Zu den wichtigsten Einstellungen gehören:
- Liebe
„Daran werden alle erkennen, dass ihr meine Jünger seid, wenn ihr einander liebt.“ (Johannes 13,35)
- Glaube
Vertrauen auf Christus, wenn Klarheit fehlt und die Ergebnisse ungewiss sind. „Denn wir wandeln im Glauben und nicht im Schauen.“ (2. Korinther 5,7)
- Lernbereitschaft
Ein Jünger bleibt ein Lernender – er wird niemals unabhängig von Christus.
„Nehmt mein Joch auf euch und lernt von mir, denn ich bin sanftmütig und von Herzen demütig.“ (Matthäus 11,29)
- Demut und Gehorsam
„Wer sich selbst so demütigt wie dieses Kind, der ist der Größte im Himmelreich.“ (Matthäus 18,4)
„Warum nennt ihr mich ‚Herr, Herr‘ und tut nicht, was ich euch sage?“ (Lukas 6,46)
- Treue vor Sichtbarkeit
Gott schätzt Gehorsam im Verborgenen ebenso sehr wie Fruchtbarkeit in der Öffentlichkeit. „Und euer Vater, der im Verborgenen sieht, wird euch belohnen.“ (Matthäus 6,4.6.18)
- Beharrlichkeit
„Und ihr werdet von allen gehasst werden um meines Namens willen. Wer aber bis zum Ende standhaft bleibt, der wird gerettet werden.“ (Matthäus 10,22, ESV)

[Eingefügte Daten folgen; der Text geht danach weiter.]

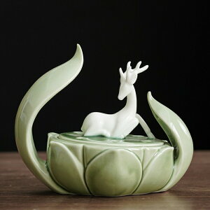 香炉です。カラー:グリーン、ダークグリーン蓮花と鹿のデザイン、お好きな香りを焚くと禅の境地が溢れ、仏壇と茶室用に最適。蓋付き、灰の舞い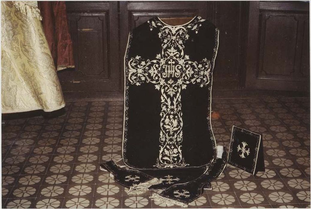 Ensemble de velours noir brodé de fil d'argent. Décor de volutes et de fleurs.
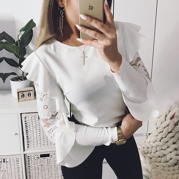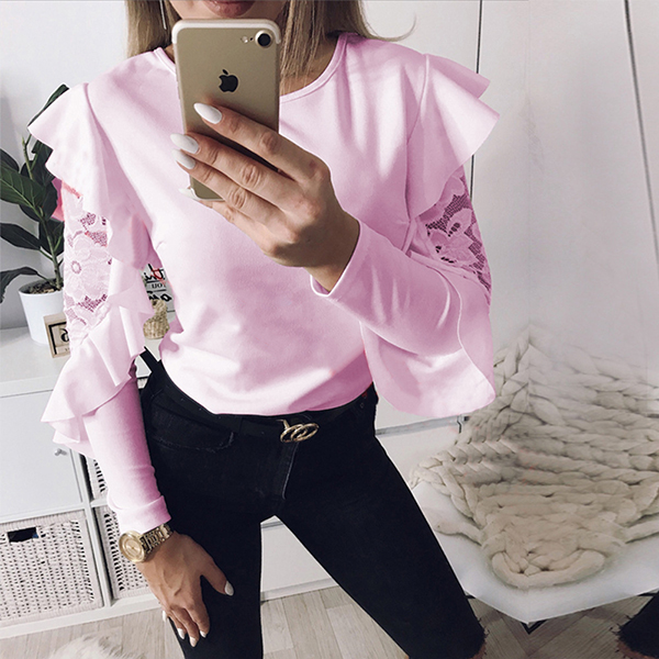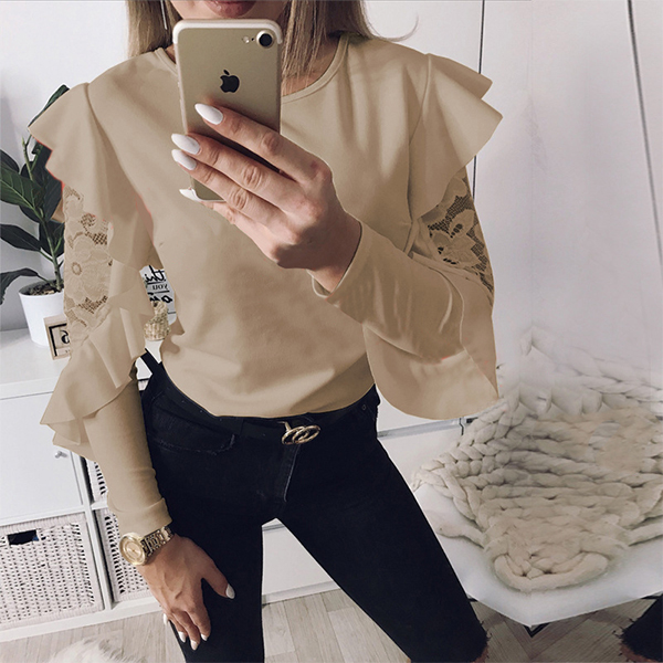This t-shirt features a solid color style,the lace spliced lotus sleeve design is the highlight,which makes this piece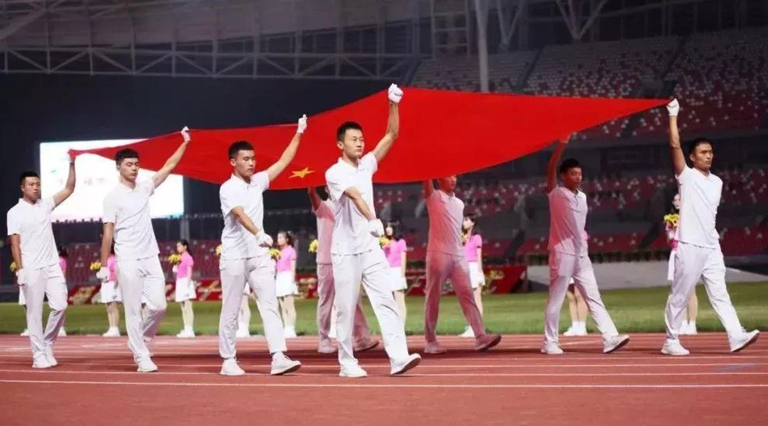 當晚19時45分,歡快的樂聲響起,開幕式暖場表演正式開始。身著大紅色的喜慶服裝,由近百人組成的馬鞍山非遺表演《打蓮湘》隊伍一下就帶動了全場的氣氛。暖場表演結(jié)束后,伴隨著《歌唱祖國》、《擁抱新時代》的背景音樂,鮮艷的五星紅旗和十二運會會旗率先入場。緊隨其后的,是朝氣蓬勃的紅旗方隊,120名青年手持紅旗,大步流星、氣宇軒昂。100名萌寶組成的滑步車方隊活力滿滿,向未來出發(fā),向希望前行。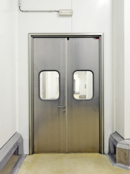 Porta industrial pivotant de serveis completament d'inoxidable amb cubeta de 40 mm de poliuretà injectat.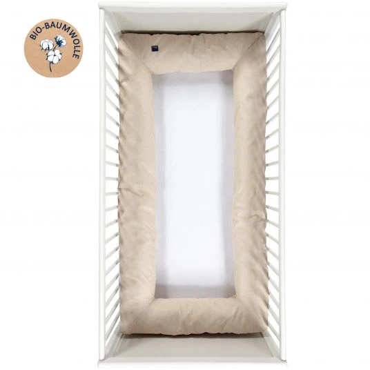 Doch nicht nur in dieser Situation ist die kuschelig weiche Umrandung ein toller Helfer: Im Elternbett kann damit ein eigener geschützter Bereich für Dein Baby geschaffen werden, aber auch während dem Spielen eignet es sich als praktischer Schutz. Mit einem Gesamtumfang von ca. 420 cm ist das Nestchen Carré für Bettchen mit den Maßen 70 x 140 cm passend. Der Bezug besteht aus kuscheliger Bio-Baumwolle und ist so ideal für die zarte Babyhaut. Die flauschige Füllung im Inneren macht es angenehm weich.

Gnade ist kostenlos. Jüngerschaft ist kostspielig.
Der Preis ist alles, aber der Gewinn ist das Leben.
5. Die Verbindung zur Welt: Jünger als Gesandte
Ein Jünger wird niemals aus der Welt herausgerufen, ohne auch zurück in sie gesandt zu werden.
„Wie mich der Vater gesandt hat, so sende ich euch.“ (Johannes 20,21)
Die Hand, die uns erhebt:
- Zeigt auch nach außen
- Entlässt uns auch in die Verantwortung
Jünger leben in Spannung:
- Nicht von der Welt
- Und doch zutiefst für die Welt
Dazu gehört:
- Zeugnis ablegen (Apostelgeschichte 1,8)
- Ein sichtbar anderes Leben führen (Matthäus 5,13–16)
- Das Mitgefühl Christi für die Seelen weitergeben (Matthäus 9,36)
Ein Jünger misst Erfolg nicht nur an persönlicher Heiligkeit, sondern an der Treue zur Mission Christi.
6. Die Hand halten – und selbst zur Hand werden
Jüngerschaft beginnt mit der Hand, die Christus uns entgegenstreckt.
Sie reift, wenn wir lernen, mit ihm zu gehen.
Sie erreicht ihre Vollendung, wenn wir für andere zu seinen Händen werden.
Ein Jünger ist:
- berufen
- verändert
- gesandt
und kontinuierlich geprägt von der Gegenwart, der Absicht und der Verheißung Christi.